INT.: Murder and suicide. Cancer and the orgy. I should think so. You want my presence, therefore, as a midwife.


MAILER: I think better when I’m talking to someone. That’s the first symptom of a writer who’s losing his talent. Writing after all is one of the sublimations of onanism. As one gets away from such vices, one loses one’s talent.


INT.: How quickly you sweep over complexities.


MAILER: But that is why I want an interview. I have no patience left for quiet exposition. In conversation you can put writing and onanism in a phrase. People know what you’re talking about or they don’t. In an essay you must obey formal concerns which I have not the enthusiasm to obey any longer.
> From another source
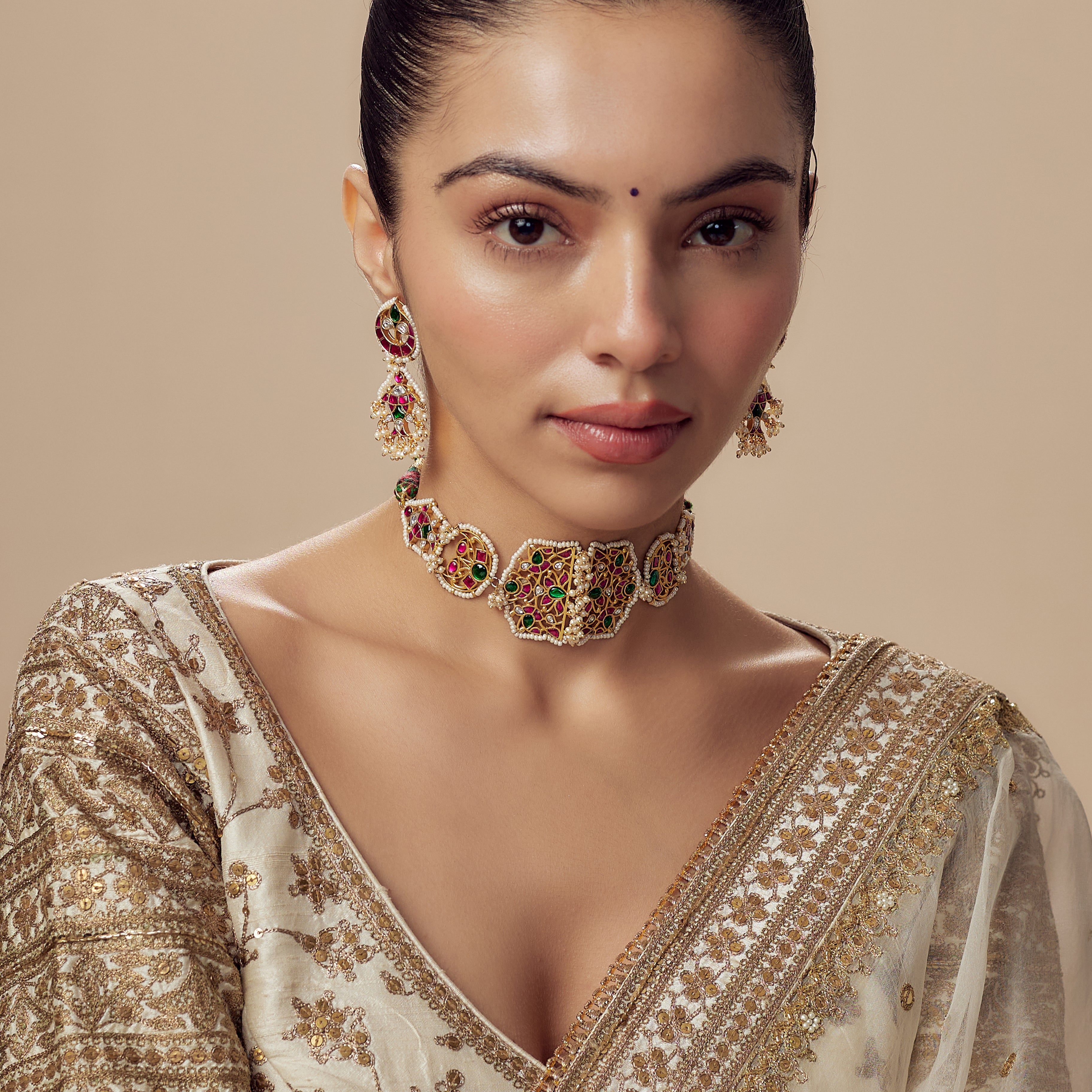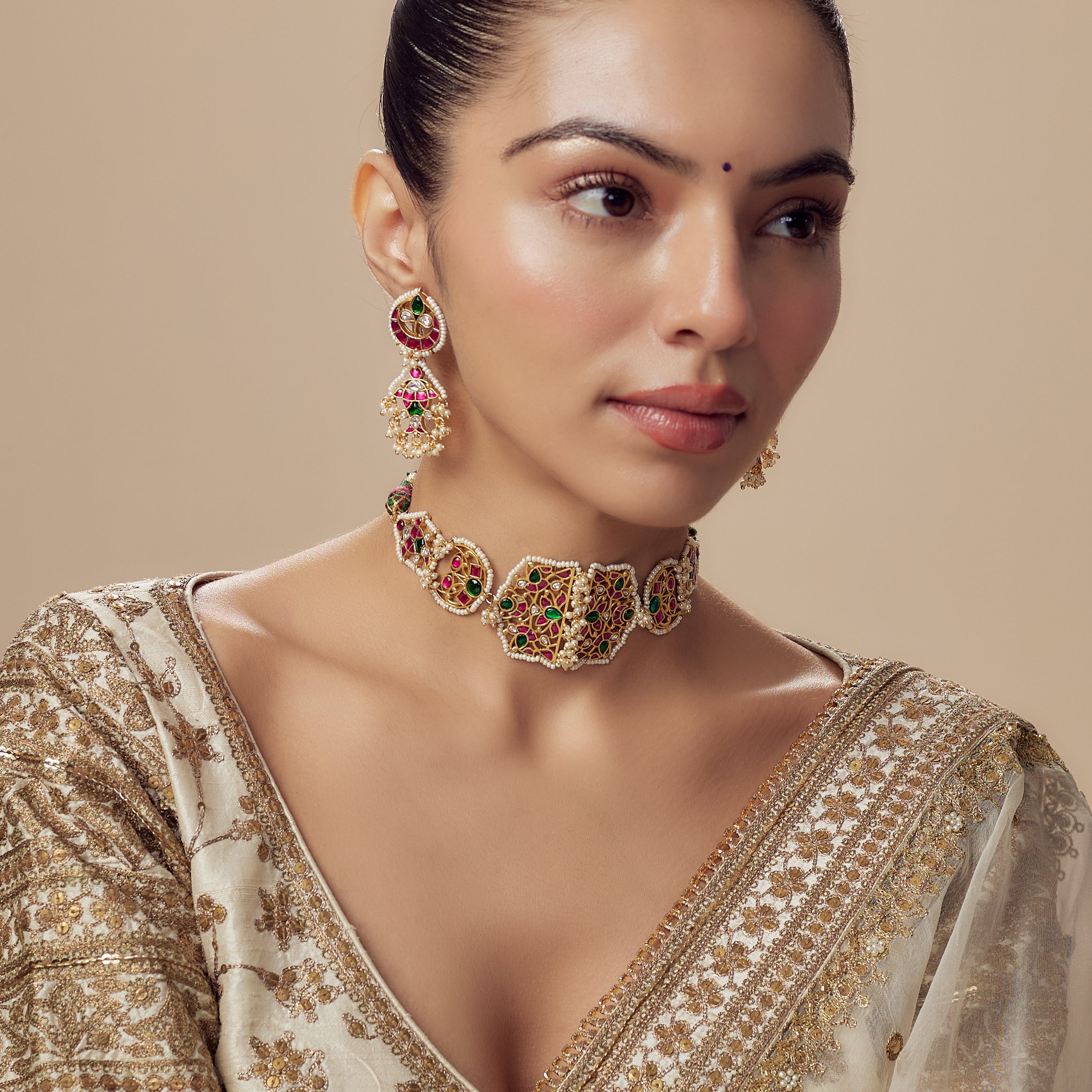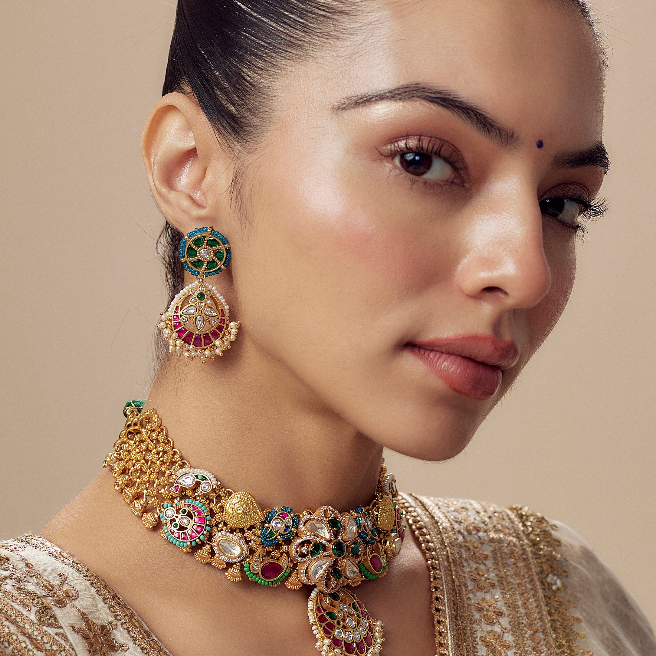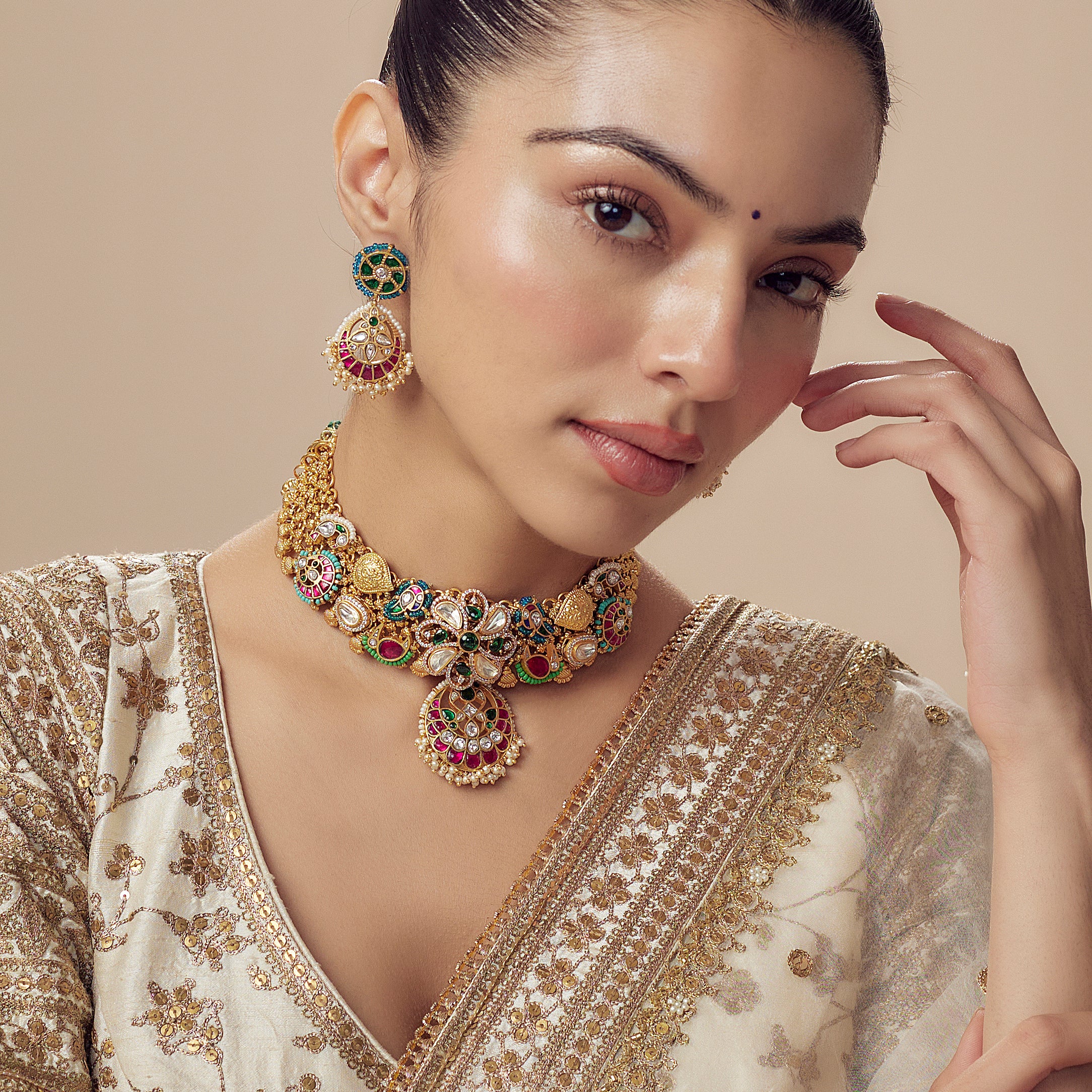 Morpankh Gold Plated Multicolored Womens Kundan, Polki Choker Necklace Set with Pair of Earrings (Freesize)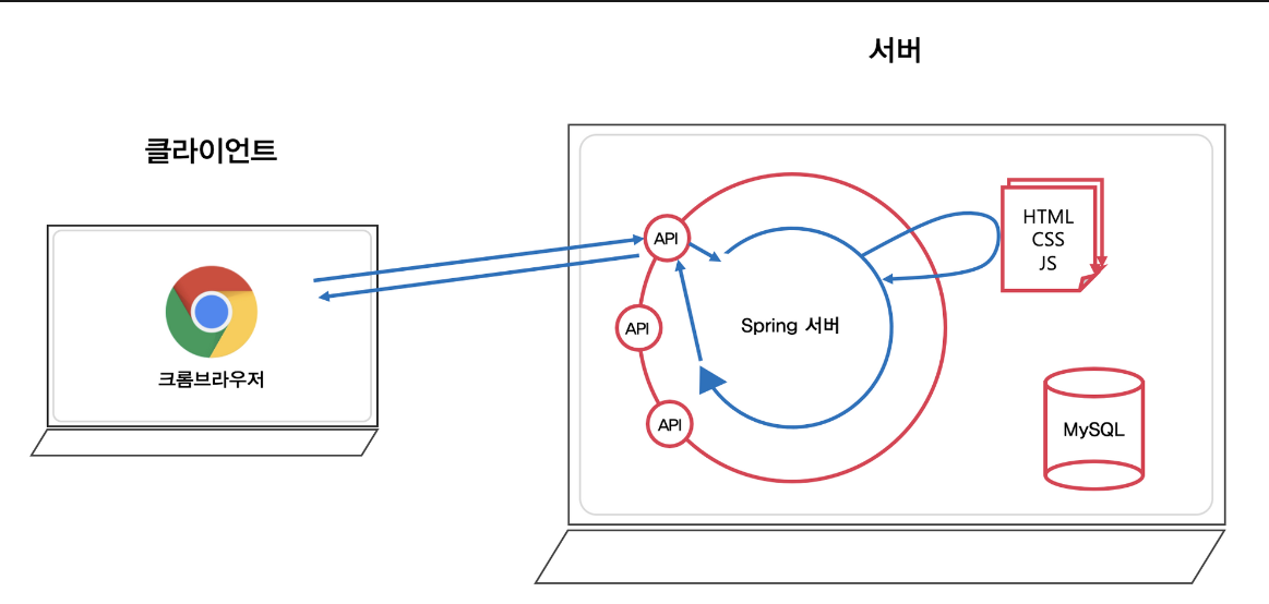 아직 정확히 이해는 하지 못하였지만 클라이언트가 서버에게 요청을 하면 서버는 그 요청데이터를 반환화게 된다. 그 사이에 API라는 일종의 약속이 있는데 이러한 요청들을 API를 통해 정해진 결과물을 반환하게 된다.

INT.: But you cannot do an important work unless you submit to one or another formal discipline. We just agreed on that.


MAILER: I contradict myself already. Except I don’t really. It’s not a matter of what I would like to do. It’s reduced right now to do what I can do. I’ve tried to command a sustained essay on this subject—I can’t seem to get over the first few pages. My style immediately becomes tiresome. It takes on the empty sonorous tones of the kind of writers whose work I despise because they write authoritatively without a full spectrum of experience. They do not know enough about their subject to write a book. Which fits my condition. So my style becomes as bad as theirs.